[What you need to do]: Return only the lines from the start of the records through the line that contains "200 天简单移动平均线 (SMA),表明多头强劲而持续地推动。这可以被解释为对更广泛前景的看涨信号。", inclusive; leave out all pictures.

[Provided records]:
[Start of Attachment]
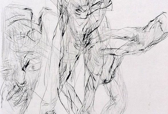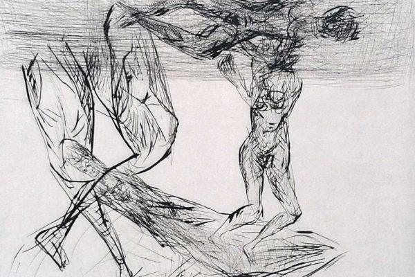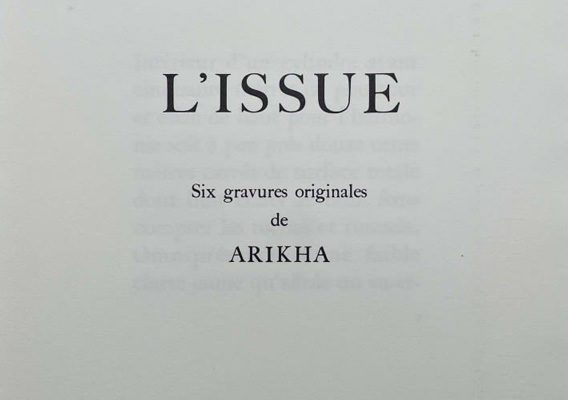 L’Issue, passaggio da “The Lost Ones” di Samuel Beckett, illustrata con 6 incisioni da Avigdor Arikha, 1968. Libro d’artista con 6 incisioni e acquatinta a 5 colori su carta BFK Rives, 28 x 22.5 cm (ognuna), ed. 139, stampato da Féquet et Baudier per le Éditions Georges Visat, Département de
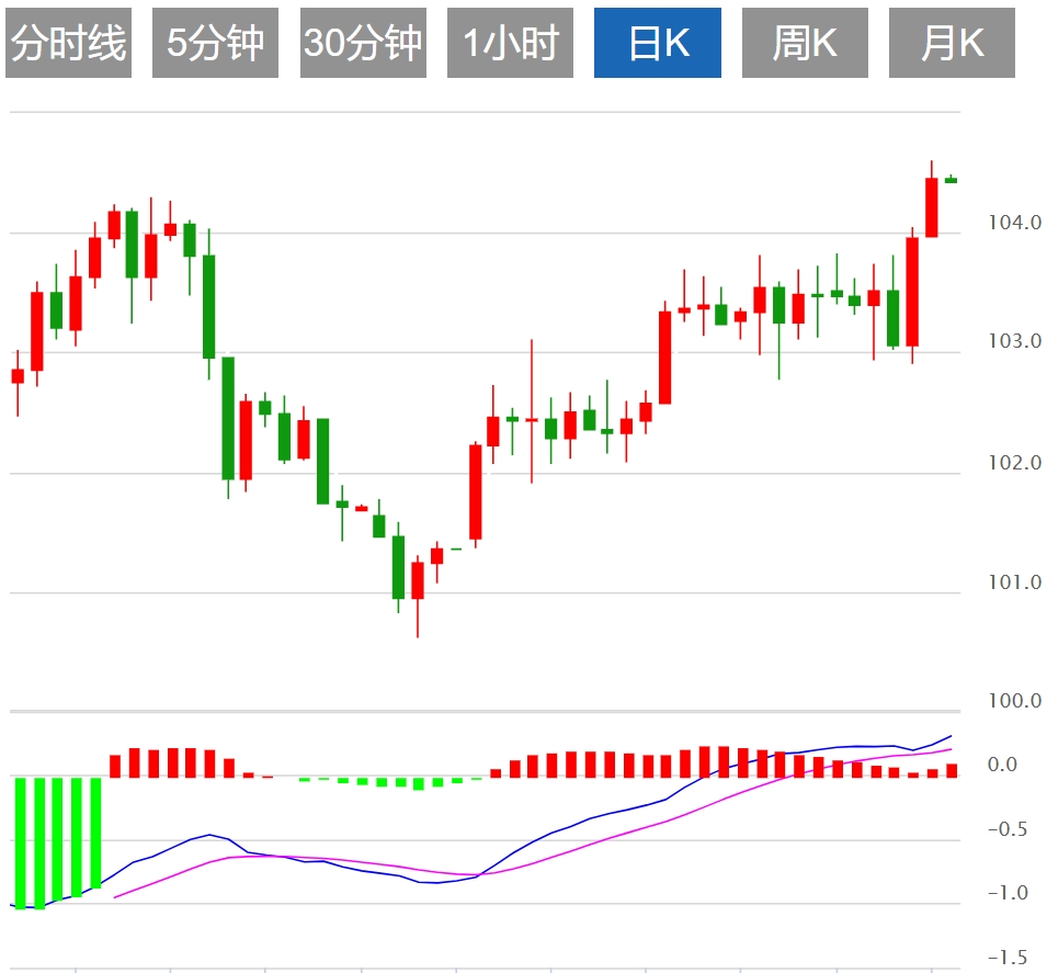 美元指数:截止发稿,美元指数走低,现报104.43。以美元指数衡量的美元(USD)周一升至104.50,为11月中旬以来的最高水平。这种上升归因于1月份ISM服务业采购经理人指数(PMI)的走强,由于市场放弃了3月份降息的希望,美元指数得到了有利的提振。日线图上的指标反映了短期内动能的潜在转变。相对强弱指数 (RSI) 接近超买状态,这通常表明买家可能正在失去控制,尽管它并没有立即表明趋势逆转。然而,评估更广泛的技术前景描绘了一幅略有不同的图景。该指数现在高于 20,100 和 200 天简单移动平均线 (SMA),表明多头强劲而持续地推动。这可以被解释为对更广泛前景的看涨信号。
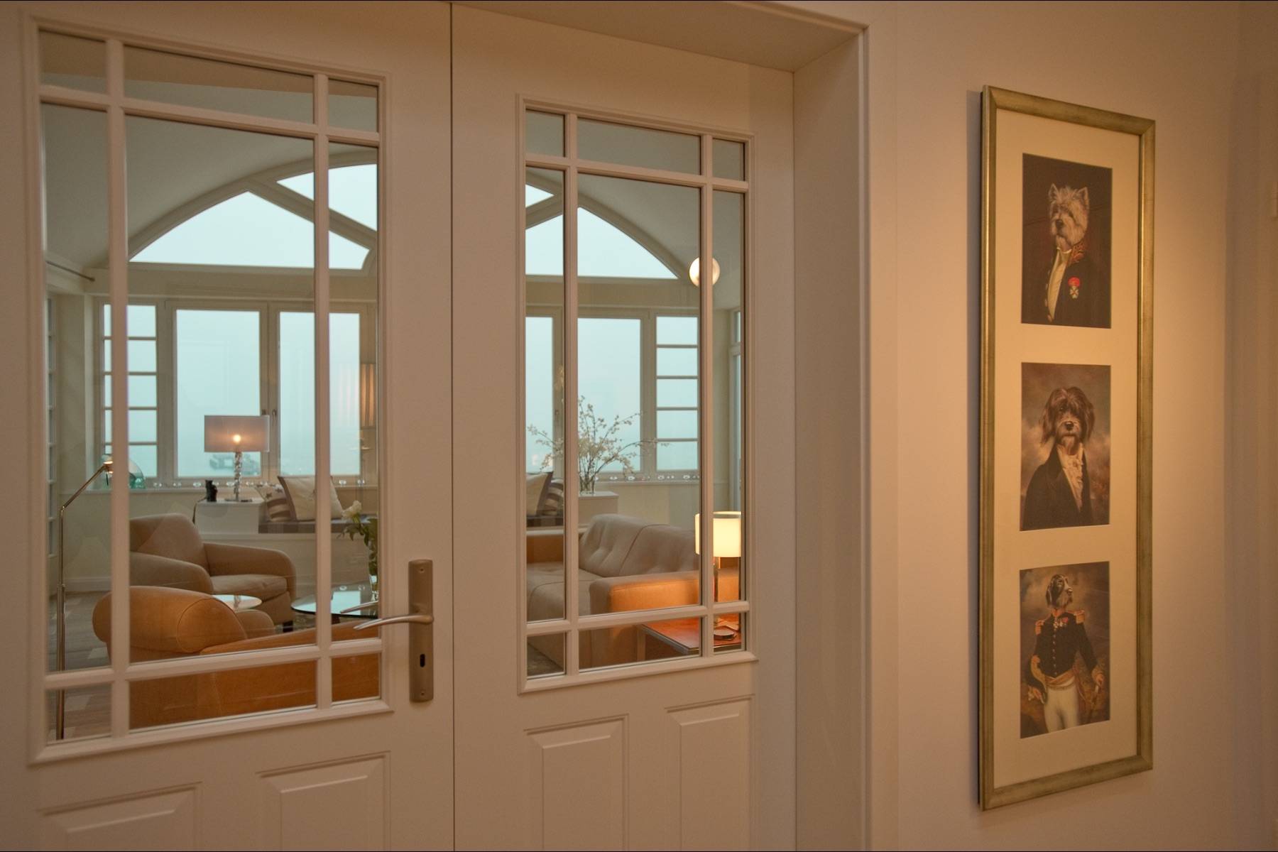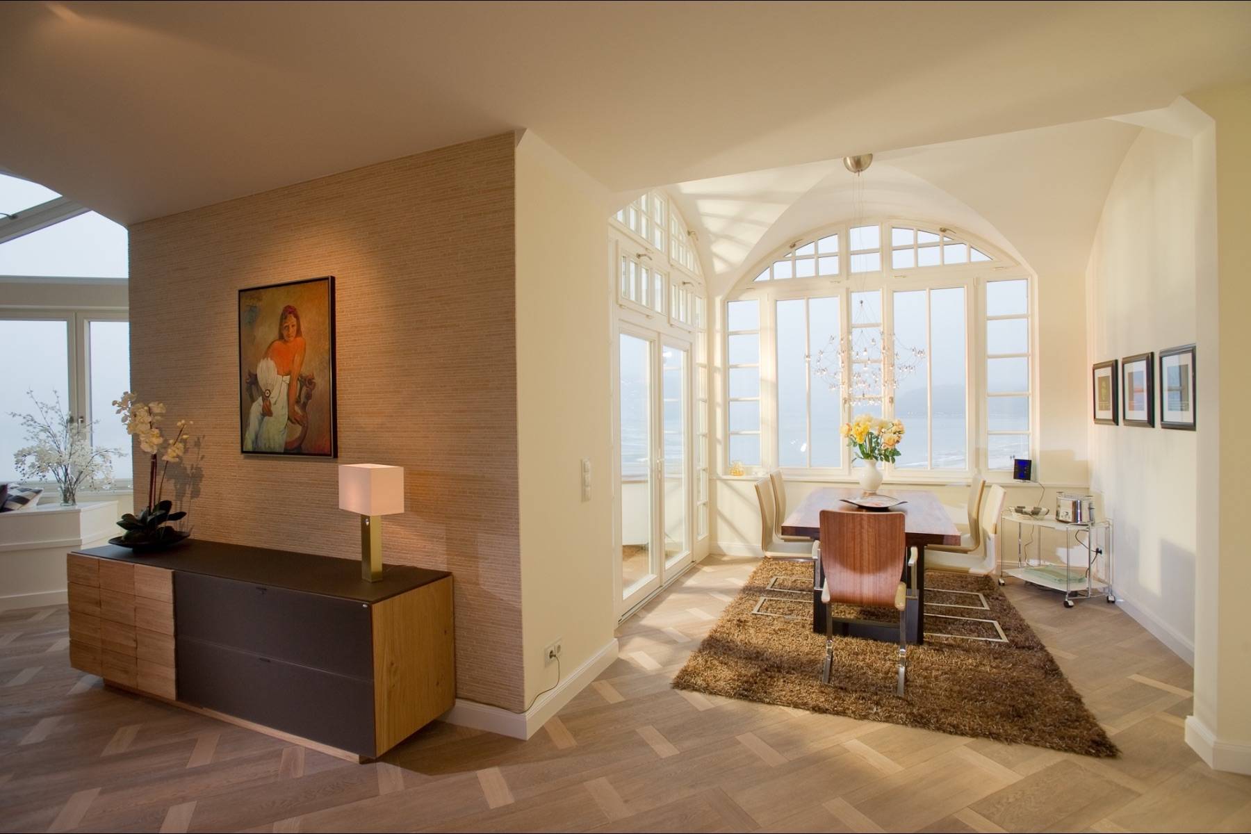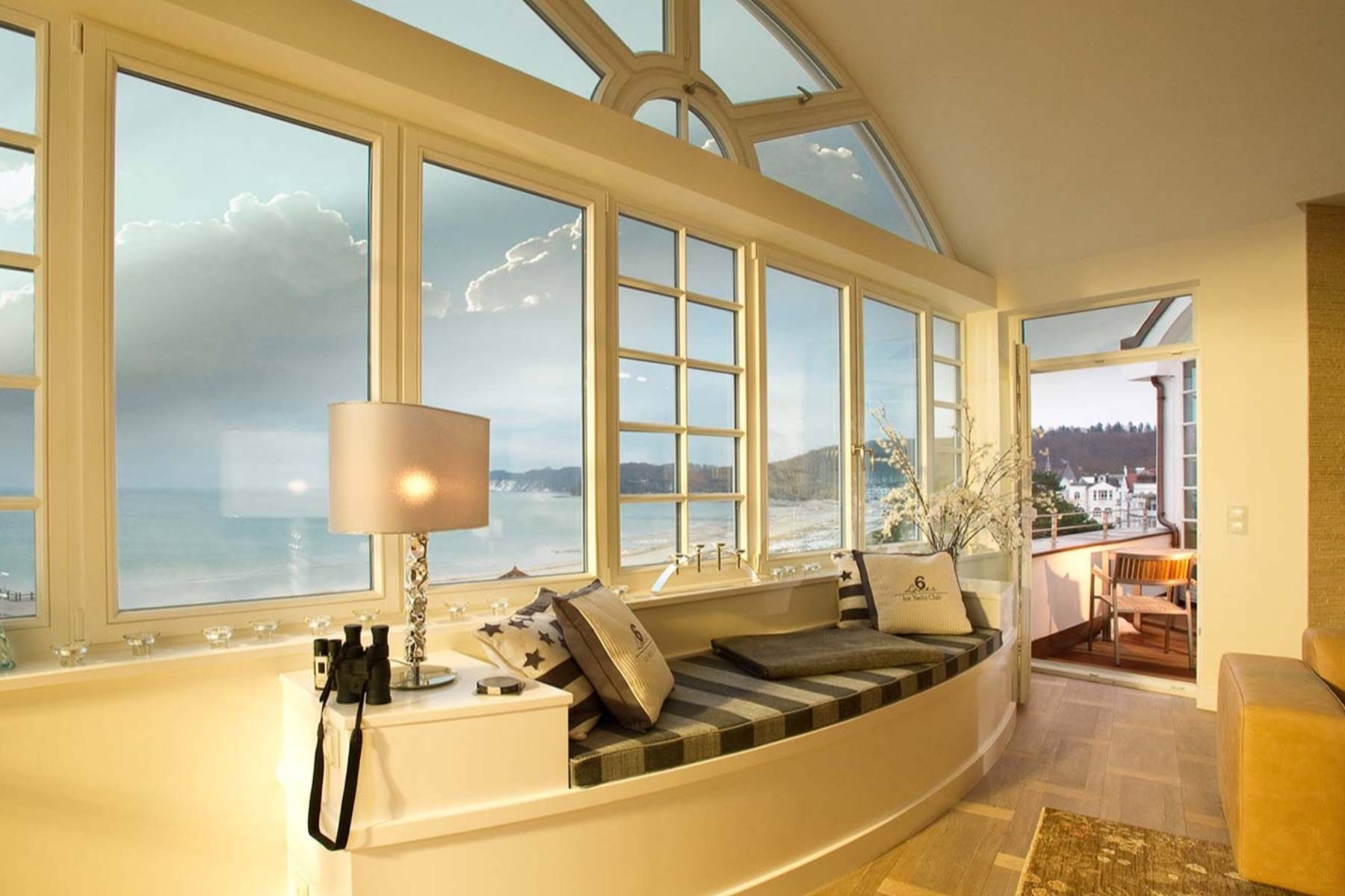 Das Wohnzimmer mit einer Raumhöhe von bis zu vier Metern ist in der gesamten Breite mit einer Fensterfront versehen, die den Raum mit ausreichend Tageslicht durchflutet und einen phänomenalen Ausblick gewährt. Der freie Blick reicht dabei über die gesamte Binzer Bucht bis hin zu den Kreidefelsen. Selbst aus einem der beiden Schlafzimmer können Sie die Sonnenaufgänge in aller Ruhe genießen.
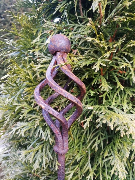 Aus massivem Rundeisen gefertigt mit Edelrost Patina und passend für jedes Blumenbeet als optisches Highlight.
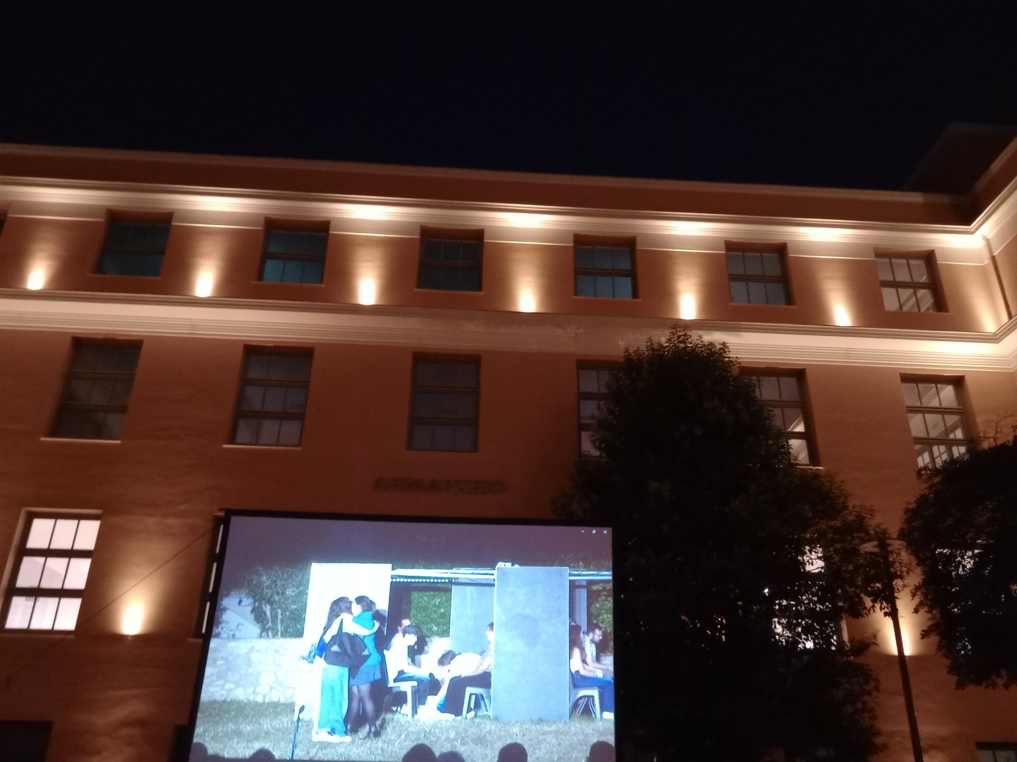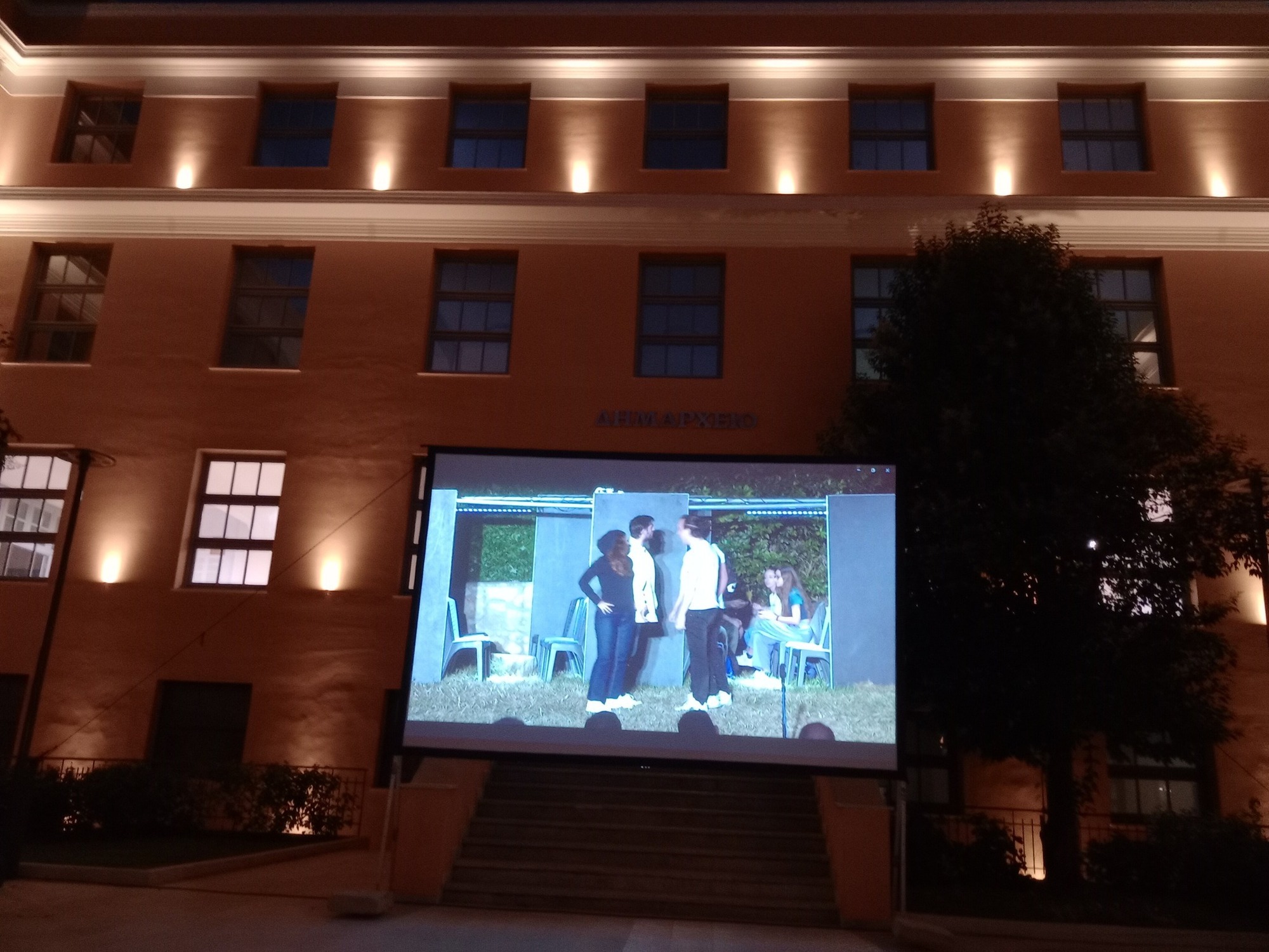 Το κτήριο του νέου Δημαρχείου, με τον ατμοσφαιρικό του φωτισμό, αγκάλιασε την προβολή με έναν σχεδόν ποιητικό τρόπο. Οι φωτεινές αντανακλάσεις στους τοίχους του και το διακριτικό φως που κυλούσε πάνω του έδεναν αρμονικά με τη βαθιά συγκίνηση της βραδιάς. Ο χώρος, λιτός και επιβλητικός ταυτόχρονα, μετατράπηκε σε τόπο μνήμης και συλλογικού συναισθήματος. Δεν ήταν απλώς ένα φόντο, ήταν μέρος της ψυχής της εκδήλωσης.
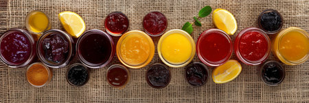 Various Homemade Jam Set, Pozzy Big Collection with Tea and Sliced Lemon on Rustic Burlap, Cornus Mas Confiture, Apricot Jelly, Grape, Plum and Apple Marmalade, Generative AI Illustration
[End of Attachment]
[Answer section]:
 L’Issue, passaggio da “The Lost Ones” di Samuel Beckett, illustrata con 6 incisioni da Avigdor Arikha, 1968. Libro d’artista con 6 incisioni e acquatinta a 5 colori su carta BFK Rives, 28 x 22.5 cm (ognuna), ed. 139, stampato da Féquet et Baudier per le Éditions Georges Visat, Département de
 美元指数:截止发稿,美元指数走低,现报104.43。以美元指数衡量的美元(USD)周一升至104.50,为11月中旬以来的最高水平。这种上升归因于1月份ISM服务业采购经理人指数(PMI)的走强,由于市场放弃了3月份降息的希望,美元指数得到了有利的提振。日线图上的指标反映了短期内动能的潜在转变。相对强弱指数 (RSI) 接近超买状态,这通常表明买家可能正在失去控制,尽管它并没有立即表明趋势逆转。然而,评估更广泛的技术前景描绘了一幅略有不同的图景。该指数现在高于 20,100 和 200 天简单移动平均线 (SMA),表明多头强劲而持续地推动。这可以被解释为对更广泛前景的看涨信号。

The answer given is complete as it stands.